Tampón de lisis para el tejido del músculo esquelético (helado): Tris 20 mM (pH 7,8), NaCl 137 mM, KCl 2,7 mM, MgCl2 1 mM, Triton X-100 al 1%, glicerol al 10% (p / v), EDTA 1 mM , Ditiotreitol 1 mM suplementado con cóctel de proteasa y inhibidor de fosfatasa
Tabla de tampones comunes y su rango de pH. En general, estos tampones se usan normalmente a concentraciones de 20-50 mM.

BufferRango de pH
Ácido cítrico – NaOH2.2 – 6.5
Citrato de sodio – ácido cítrico3,0 – 6,2
Acetato de sodio – ácido acético3.6 – 5,6
Sal sódica de ácido cacódico – HCl5,0 – 7,4
MES – NaOH5,6 – 6,8
Dihidrogenofosfato sódico – Hidrógeno fosfato disódico5,8 – 8,0
Imidazol – HCl6,2 – 7,8
MOPS – KOH6,6 – 7,8
Clorhidrato de trietanolamina – NaOH6,8 – 8,8
Tris – HCl7,0 – 9,0
HEPES – NaOH7,2 – 8,2
Tricina – NaOH7,6 – 8,6
Tetraborato de sodio – ácido bórico7,6 – 9,2
Bicine – NaOH7,7 – 8,9
Glicina – NaOH8,6 – 10,6

La mayoría de los tampones muestran una dependencia del pH con la temperatura.

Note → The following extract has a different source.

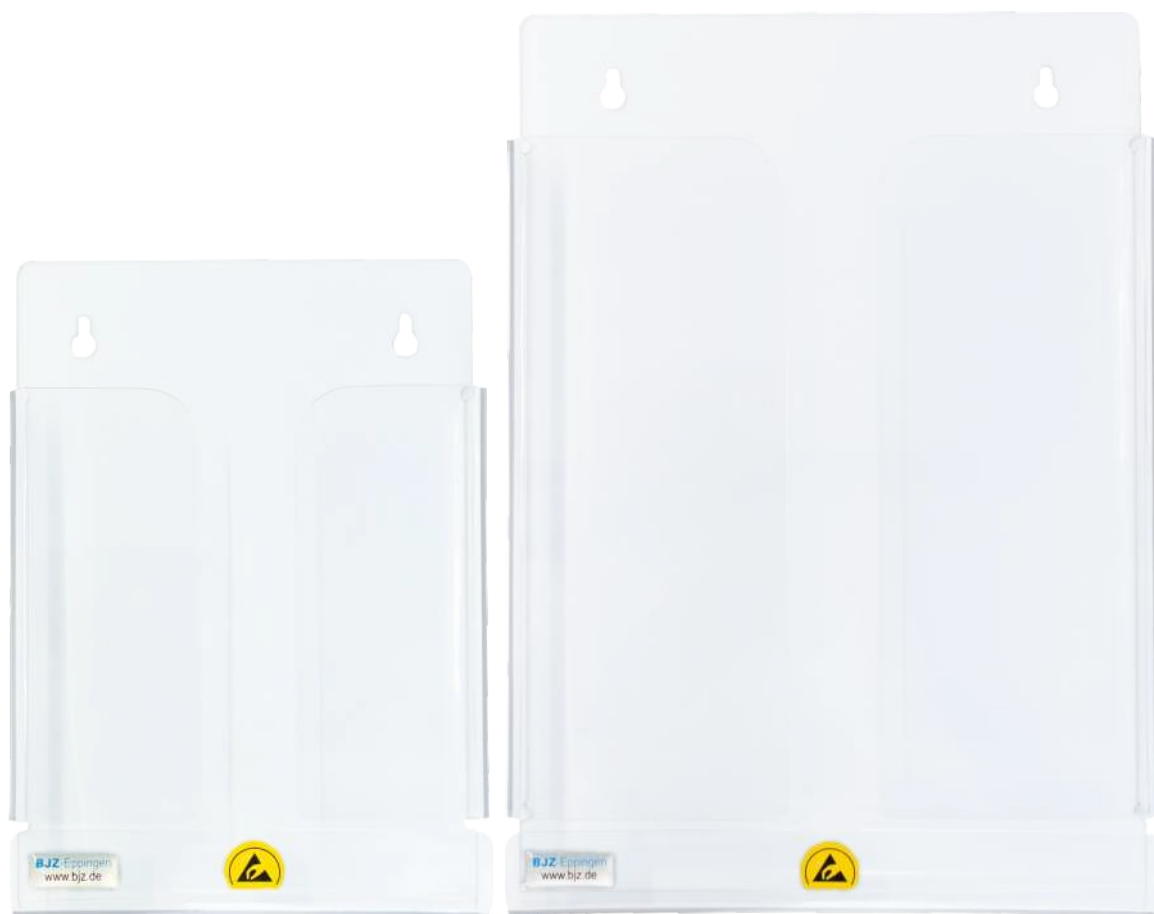
für DIN A5

Esto es especialmente cierto para los tampones Tris. El pKa cambia de 8,06 a 25 ° C a 8,85 a 0 ° C.
(PH y pKa de un tampón: el pH mide la concentración de iones de hidrógeno en una solución acuosa, pKa (= constante de disociación de ácido) es una medida relacionada, pero más específica, ya que ayuda a predecir cómo una molécula actuará en una forma específica valor del PH.)

TRIzol

TRIzol es una solución química utilizada para extraer ARN / ADN / proteína durante la extracción con tiocianato de guanidinio-fenol-cloroformo. El uso de la extracción con TRIzol asistida por ultrasonidos da como resultado altos rendimientos de ADN, ARN y proteína de la misma muestra y sobresale por lo tanto otros métodos de extracción.